Your assignment: Would you reproduce exactly the lines below from the one holding "Numeta G19E är" through the one holding "头部潮流很酷的一幅骷髅纹身图案", inclusive, and no others?
(Beginning of Material supplied)
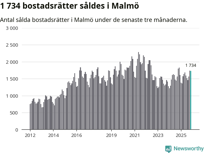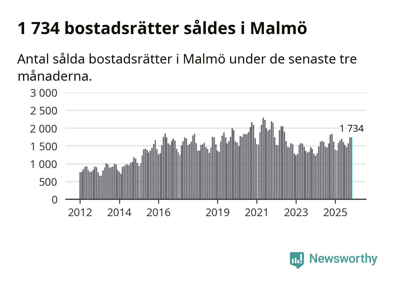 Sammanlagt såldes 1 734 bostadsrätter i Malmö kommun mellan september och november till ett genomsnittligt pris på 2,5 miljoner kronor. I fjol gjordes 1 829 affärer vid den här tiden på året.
(End of Material supplied)
(Beginning of Material supplied)
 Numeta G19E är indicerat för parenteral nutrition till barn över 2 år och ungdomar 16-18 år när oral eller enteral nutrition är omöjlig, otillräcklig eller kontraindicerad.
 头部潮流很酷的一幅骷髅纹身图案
(End of Material supplied)
(Beginning of Material supplied)
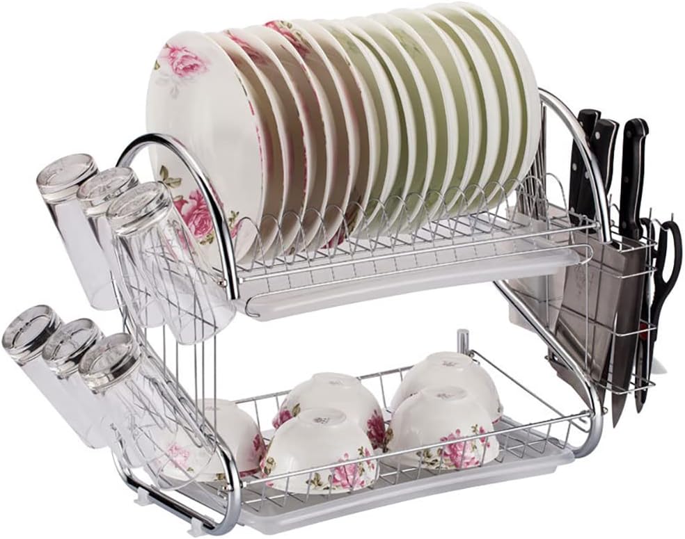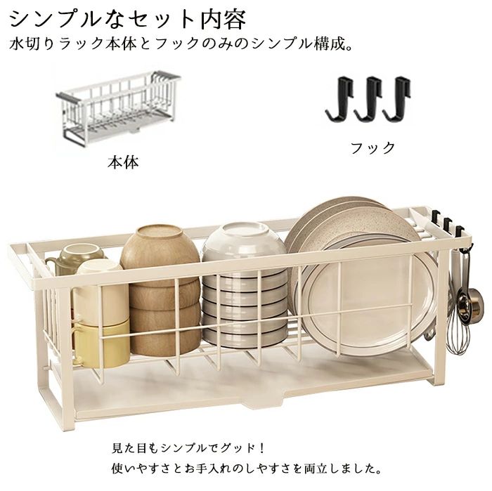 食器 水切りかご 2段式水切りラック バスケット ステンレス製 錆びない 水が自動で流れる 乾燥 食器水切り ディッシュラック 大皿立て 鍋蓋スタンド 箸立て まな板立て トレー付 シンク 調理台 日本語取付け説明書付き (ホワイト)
(End of Material supplied)
Solution for this task:
 Numeta G19E är indicerat för parenteral nutrition till barn över 2 år och ungdomar 16-18 år när oral eller enteral nutrition är omöjlig, otillräcklig eller kontraindicerad.
 头部潮流很酷的一幅骷髅纹身图案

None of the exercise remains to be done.